According to preliminary viewing figures from media research company Nielsen, 12.4 million people watched the three-hour show, down from 13.5 million last year when the Emmys were moved to avoid competition from popular football games.
If the early results hold up, that would make Sunday's Emmys on Fox one of the least viewed telecasts of the past five years. The show put on by the Academy of Television Arts and Sciences, which gives awards for programs and performances, received its lowest ever audience in 2008 when 12.2 million Americans tuned in.
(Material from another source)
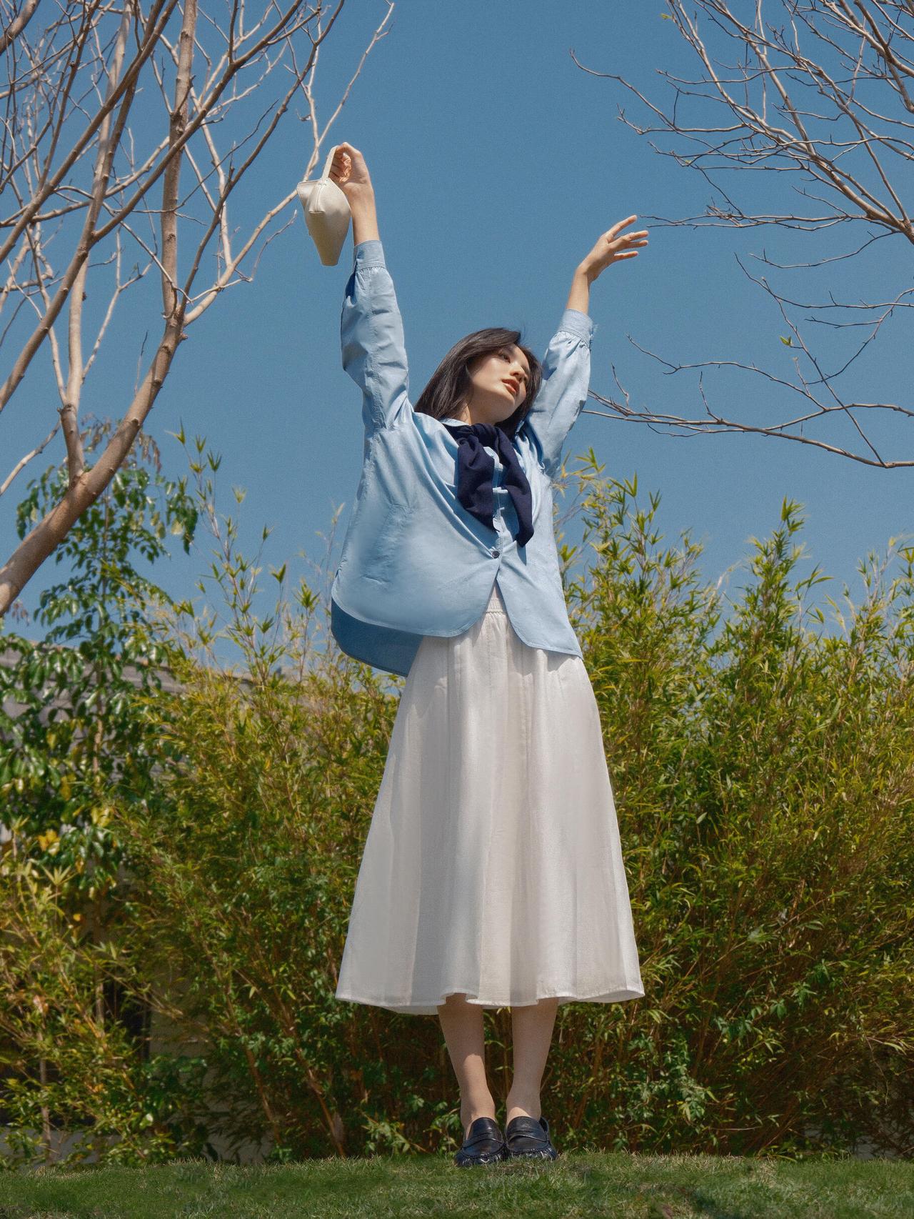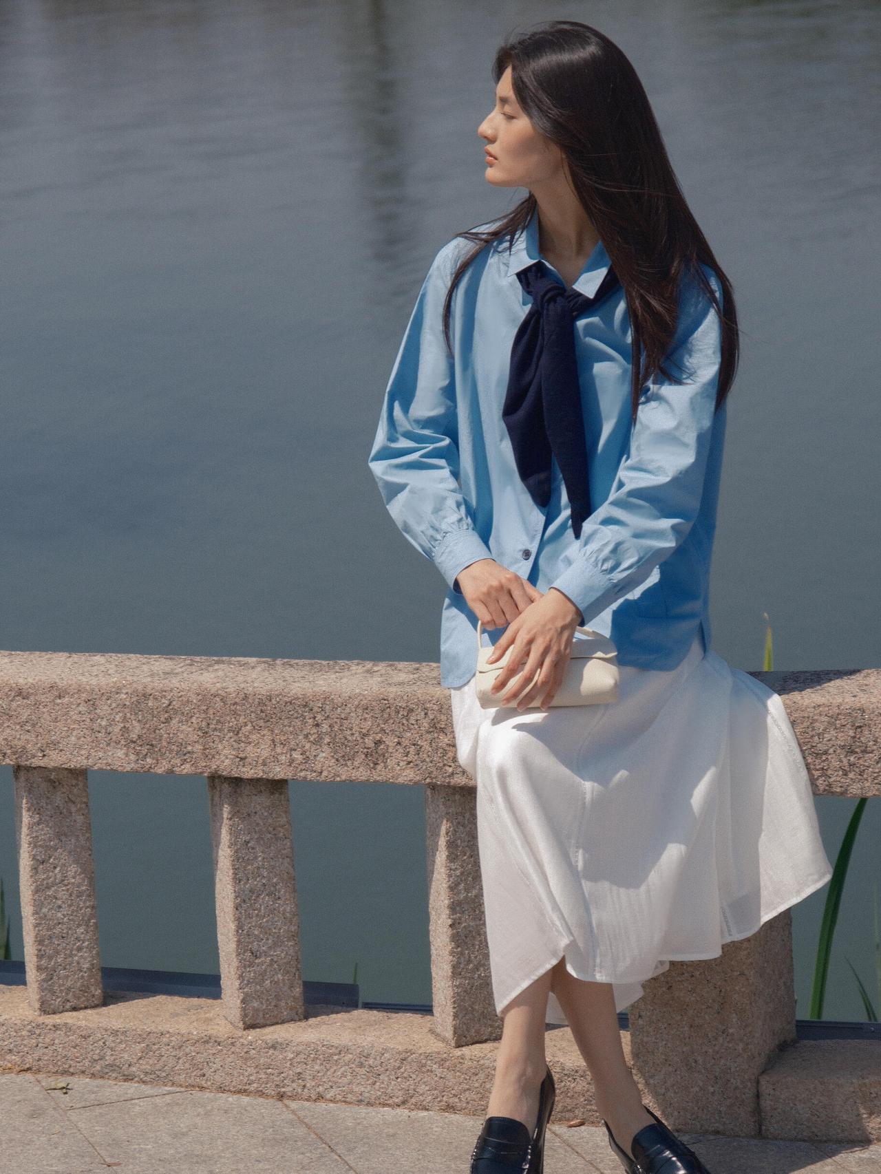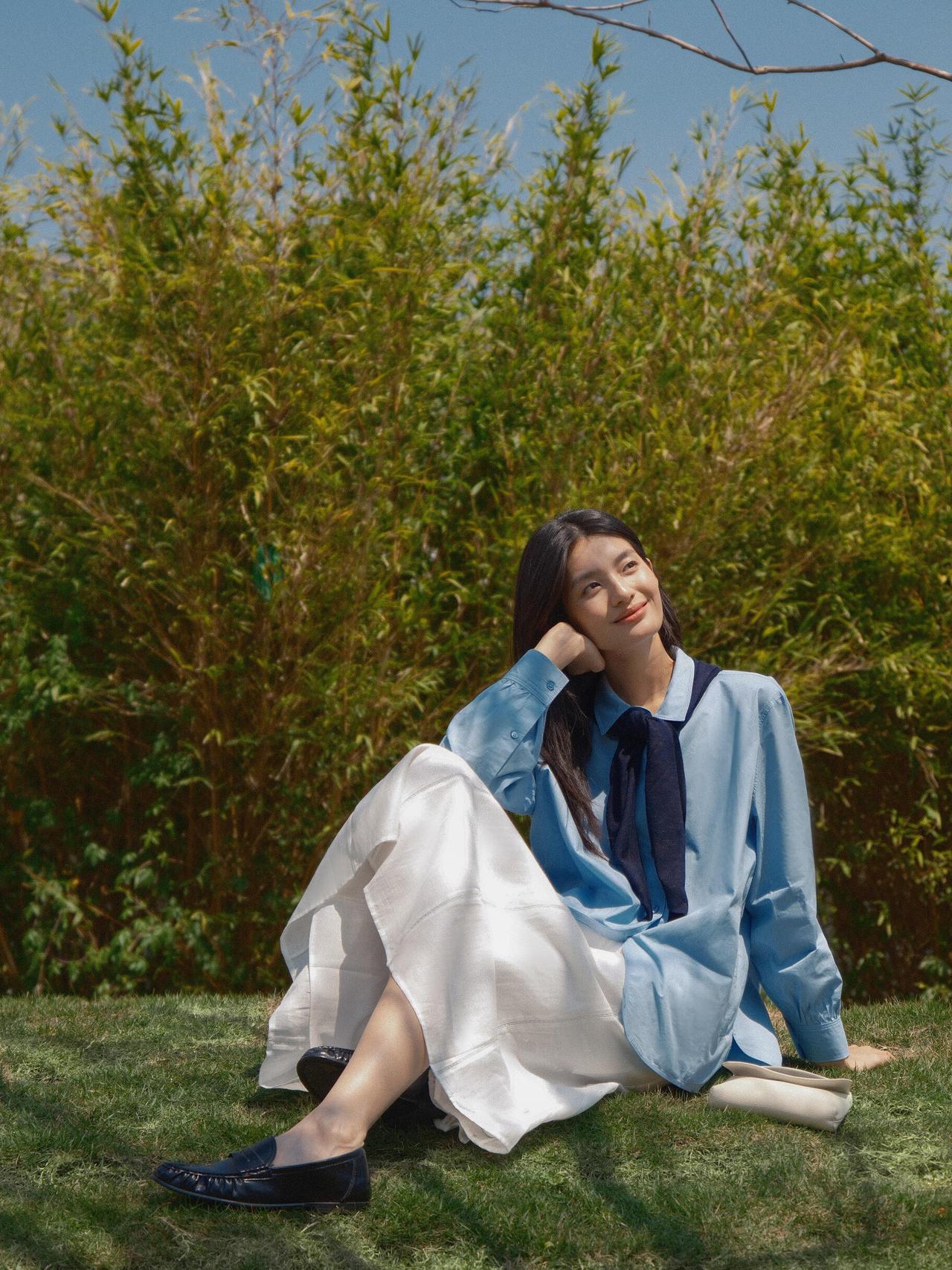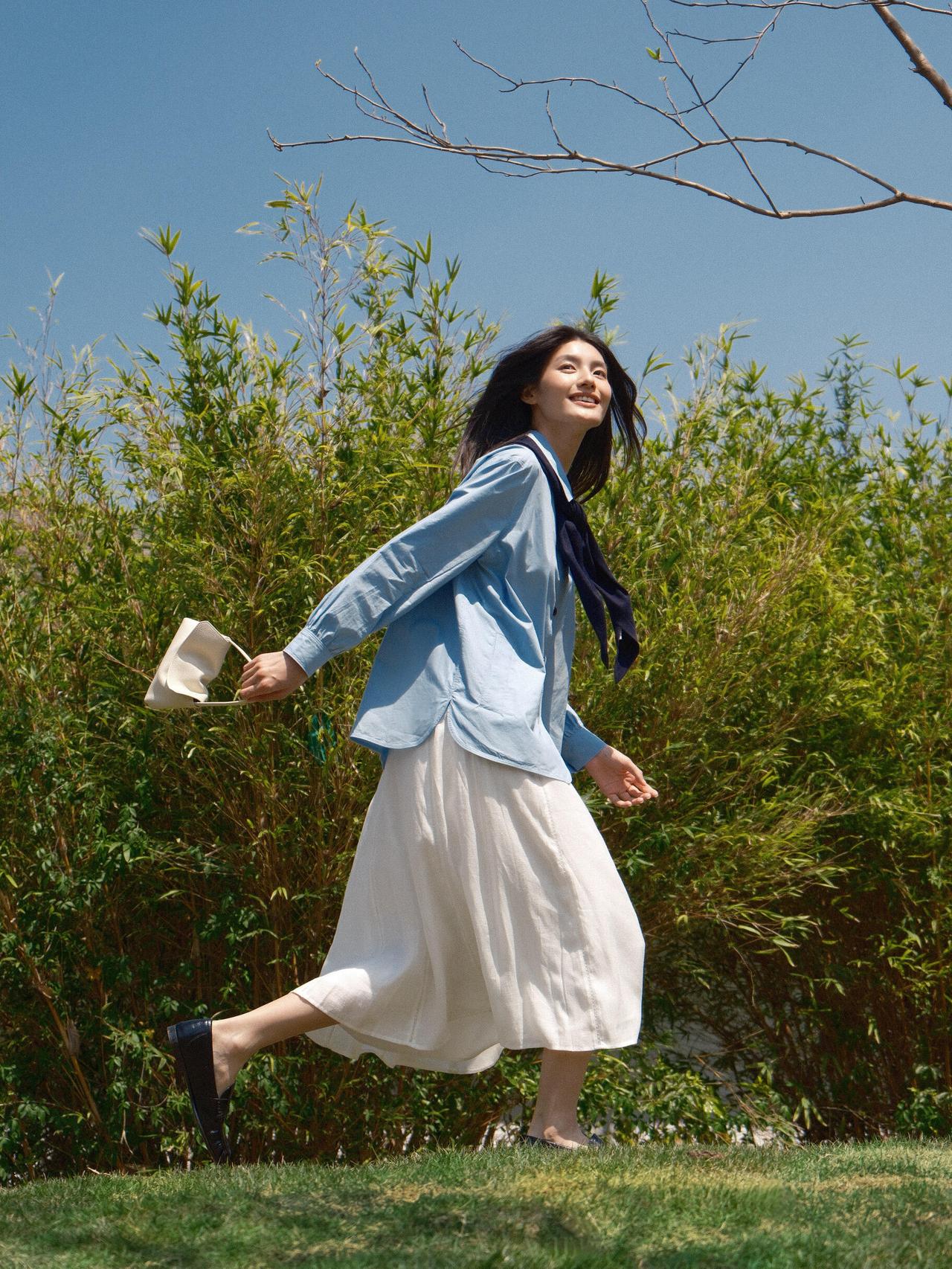 这组春日漫步少女人像,,画面以大面积自然绿为基底,搭配浅蓝衬衫与白色半裙,色彩上形成清新柔和的视觉对比,既贴合春日主题,又弱化了人物与环境的边界感,让整体氛围更具呼吸感。 构图上,摄影师灵活运用了多种经典人像构图:行走时采用三分法,将人物置于画面右侧,留白的自然环境延伸了空间感;倚靠绿植时用前景遮挡,通过虚实对比突出人物面部神态;坐在草坪与倚靠石栏时,则采用中心构图与对称构图结合的方式,让人物姿态更舒展,同时强化了画面的稳定感。光线选择上,多为侧光与侧逆光,既勾勒出人物发丝与衣物的轮廓,又在皮肤与布料上形成柔和的明暗过渡,避免了强光下的生硬感,让春日暖意更具象。 不足在于部分画面中人物手部姿态略显刻意,比如高举包包的镜头,与整体松弛的调性略有冲突;此外,水面场景的背景稍显杂乱,若能进一步简化背景,或利用大光圈虚化水面波纹,人物主体会更突出。整体而言,这组作品成功用生活化的场景与柔和光影,传递出春日里少女自在漫步的情绪,是氛围感人像的优质范本。

Time magazine blogger James Poniewozik described Lynch, who won an Emmy last year for her acid-tongued cheerleader coach role in "Glee", as "game" in her hosting duties but said she "had only occasionally good material to work with."
Hollywood paper Variety, on the other hand, said Lynch proved an inspired choice both in her off-the-cuff remarks and in videotaped sketches that skewered some of the biggest stars and shows on U.S. television.
"It may come as small comfort to Fox on a night when its shows failed to earn a single win, but the network knows how to throw a helluva of an Emmy Awards," wrote Variety's Andrew Wallenstein.
Entertainment Weekly's Ken Tucker called Lynch a "spunky, clever host". But for many critics, the best thing about the show was the touching moments when newcomers came up to the stage for the first time.
Six of the eight main acting awards went to Emmy first-timers, including Kyle Chandler for "Friday Night Lights", Julie Bowen and Ty Burell for "Modern Family, and popular winner Melissa McCarthy for comedy "Mike & Molly."
McCarthy's beauty pageant-style "crowning" and the impromptu lining up on stage of all six comedy actress nominees was seen as one of the highlights of Sunday's ceremony.
Advertising drama "Mad Men" and "Modern Family" took the top prizes again for best drama and comedy series.
Mary McNamara of the Los Angeles Times said "the host and the surprises kept things pleasant if not scintillating."
But Washington Post's Hank Stuever felt the show lacked originality, saying "the year's 'biggest night in television' fell flat in writing, performance and imagination, except in the most fleeting moments."